Differential transcription usage testing for single cell data, using colLabels as cluster labels.

Usage

sc_DTU_analysis(
  sce,
  gene_col = "gene_id",
  min_count = 15,
  threads = 1,
  method = "trascript usage permutation",
  permuations = 1000
)

Arguments

sce

The SingleCellExperiment object, with transcript counts in the counts slot and cluster labels in the colLabels slot.

gene_col

The column name in the rowData slot of sce that contains the gene ID / name.
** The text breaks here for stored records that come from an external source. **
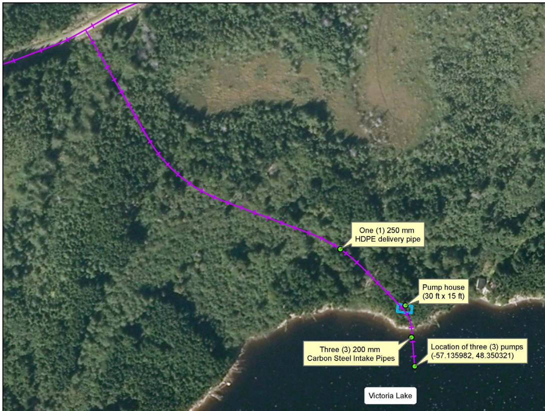
Installation of Water Intake Pumps at Victoria Lake in Valentine Gold Project Site
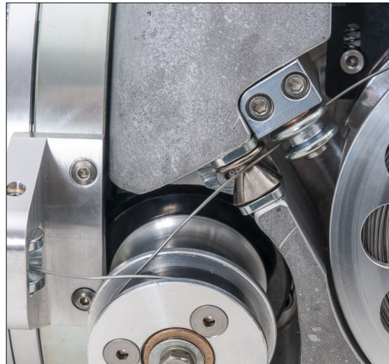
WIRE ROUTING RIGHT SIDE
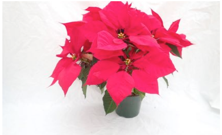
PON 100 Red Experimental
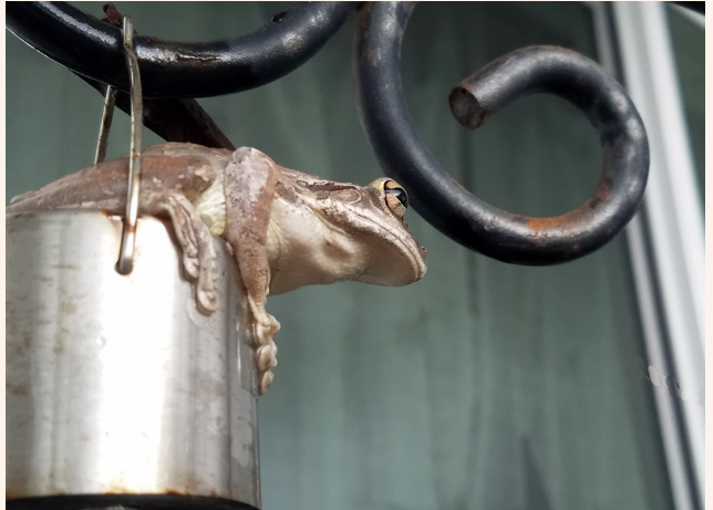
GRAND PRIZE • JACK OMALLEY $100 Parks and Recreation Gift Certificate
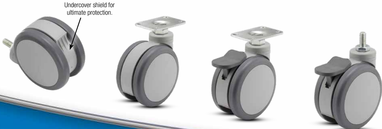
Undercover shield for ultimate protection.
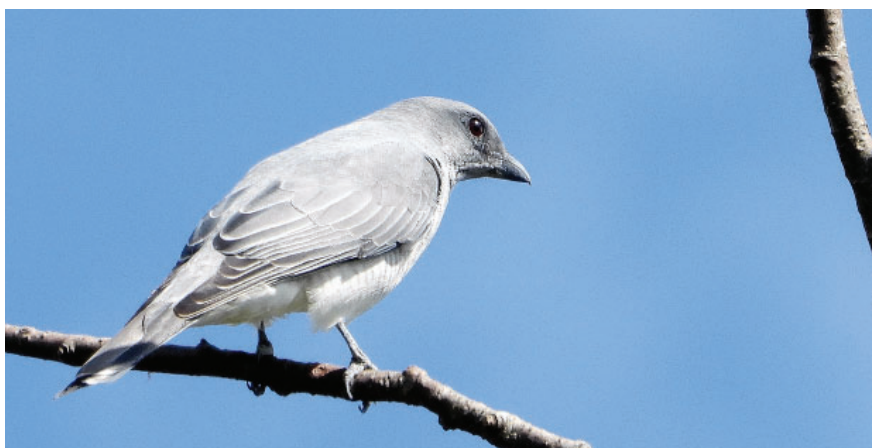
Large Cuckooshrike, Photo: Shanbhu Bhattarai
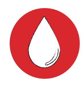
Test all outdoor gas, power and water lines
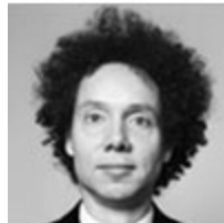
Malcolm Gladwell General Session
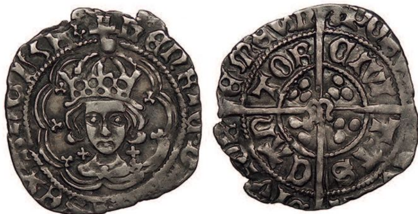
Figure 9 – Silver halfgroat of Archbishop Morton. There is a bust of Henry VII on the obverse, and M (for Morton) in the centre of the cross on the reverse. SCBC 2208.

Ecclesiastical coinage becomes particularly interesting during the reign of Henry VIII (1509-47) because in 1514 he appointed a clever and ambitious man to be archbishop of York. In 1515 he made him Lord Chancellor, and in the same year the pope made him a cardinal. His name was Thomas Wolsey. (Figure 10) Wolsey was skilful in dealing
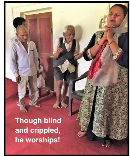
Though blind and crippled, he worships!

Our visit to Nepal was also a time for us to encourage a mid-wife who arrived there last November. It was a much-needed and timely connection as she is facing many challenges. Please pray for B. to get the necessary visa in order to stay and train Nepali women to be mid-wives!
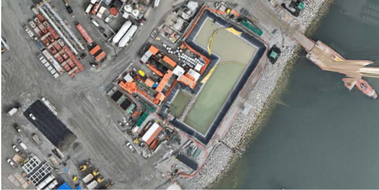
Figure 4: Aerial view of the East Sedimentation Pond (March 27, 2026). The East WWTP is located on the left side of the pond.

Default is "gene_id".

min_count

The minimum total counts for a transcript to be tested.

threads

Number of threads to use for parallel processing.

method

The method to use for testing, listed in details.

permuations

Number of permutations for permutation methods.

Value

a tibble containing the following columns:

p.value

- the raw p-value

adj.p.value

- multiple testing adjusted p-value

cluster

- the cluster where DTU was observed

transcript

- rowname of sce, the DTU isoform

transcript_usage

- the transcript usage of the isoform in the cluster

Additional columns from method = "trascript usage permutation":

transcript_usage_elsewhere

- transcript usage in other clusters

usage_difference

- the difference between the two transcript usage

permuted_var

- the variance of usage difference in the permuted data

Additional columns from method = "chisq":

X_value

- the test statistic

df

- the degrees of freedom

expected_usage

- the expected usage (mean across all clusters)

usage_difference

- the difference between the observed and expected usage

The table is sorted by P-values.

Details

Genes with more than 2 isoforms expressing more than min_count counts are selected for testing with one of the following methods:

trascript usage permutation

Transcript usage are taken as the test statistic, cluster labels are permuted to generate a null distribution.

chisq

Chi-square test of the transcript count matrix for each gene.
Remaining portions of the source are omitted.